Londoner Àbíké-Íyímídé is a New York Times and IndieBound-bestselling author. Her novel, Ace of Spades, was the UK’s top-selling YA début in 2021, won the YA Books Are My Bag Readers Award and the NAACP Image Award for an Outstanding Work for Youth/Teens.
Dublin-based Jaigirdar won last year’s YA Book Prize with Hani and Ishu’s Guide to Fake Dating – for which Ace of Spades was also shortlisted – and her other titles include the upcoming The Dos and Donuts of Love and The Henna Wars, the latter of which Time magazine selected as one of the 100 greatest YA books of all time.

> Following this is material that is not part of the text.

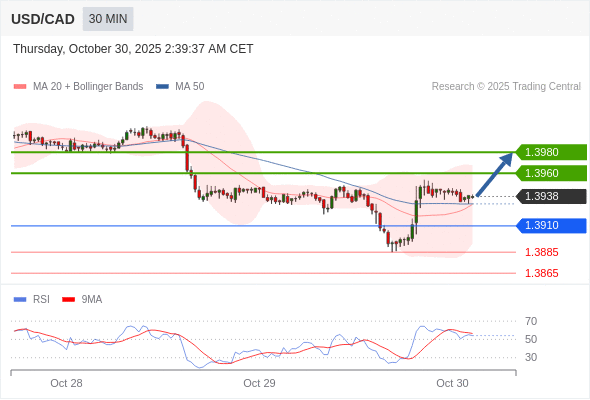 在 1.3910 之上,看涨,目标价位为 1.3960 ,然后为 1.3980 。
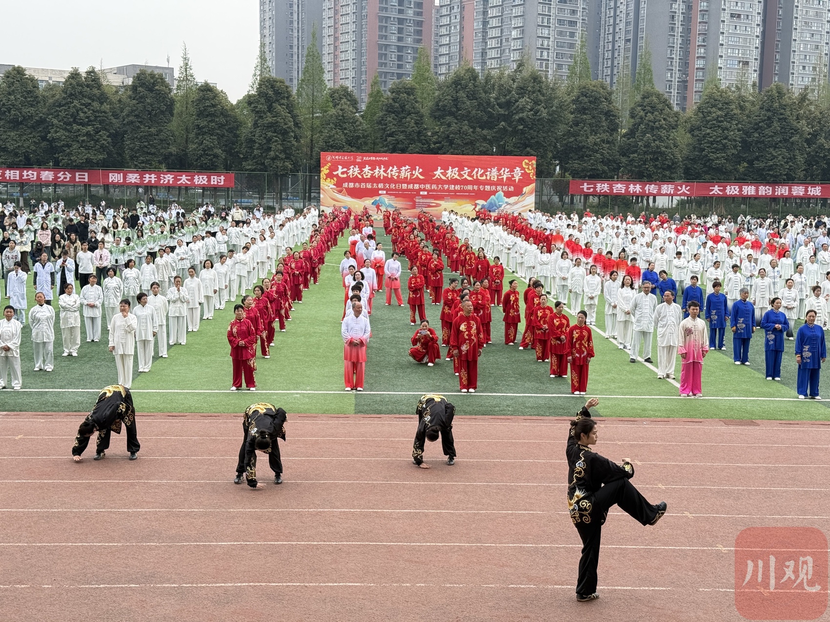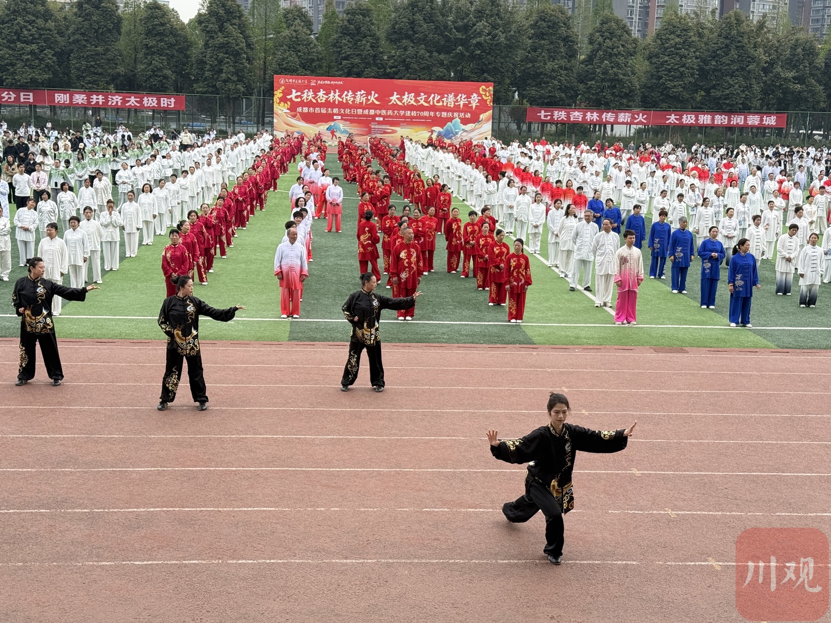 现场,成都中医药大学学生带来的《杏林武魂》将四川非遗、舞龙舞狮与太极元素巧妙融合,赢得阵阵喝彩。来自各流派的传承人与运动员依次登场,集中展示了陈氏、杨氏、吴氏、武氏、孙氏、42式太极拳,以及八段锦、易筋经、太极养生杖、导引养生功十二法。随后,在校园田径场、大草坪、博物馆前后、图书馆前后、太极大道、涌泉湖边等八个点位,万人齐练二十四式简化太极拳,场面蔚为壮观。同时,操场一角还特别增设了“AI+太极智能系统专属体验区”,吸引众多民众驻足体验。

Four Eids and a Funeral centres around Said Hossain and Tiwa Olatunji, who used to be inseparable but haven’t spoken after an incident during Eid many years ago. Then disaster strikes when the Islamic Centre in Said’s and Tiwa’s town accidentally burns down. Tiwa has an idea of how to bring the centre back, but she needs Said’s help. Will the two’s feelings, long thought buried, come back?
Hill said: “Faridah and Adiba have written a clever enemies-to-lovers romance that is the perfect read. With jump-off-the-page characters, an important community project at its heart and a compelling love story, Four Eids and a Funeral has everything we look for in a YA romance, and will be adored by the BookTok audience.”
Àbíké-Íyímídé and Jaigirdar added: “The two of us have been best friends for almost seven years now and we’ve always wanted to write something together. It felt right to write a story that takes back the narrative of Muslims in the media, and centres Black and brown Muslims with nuance.”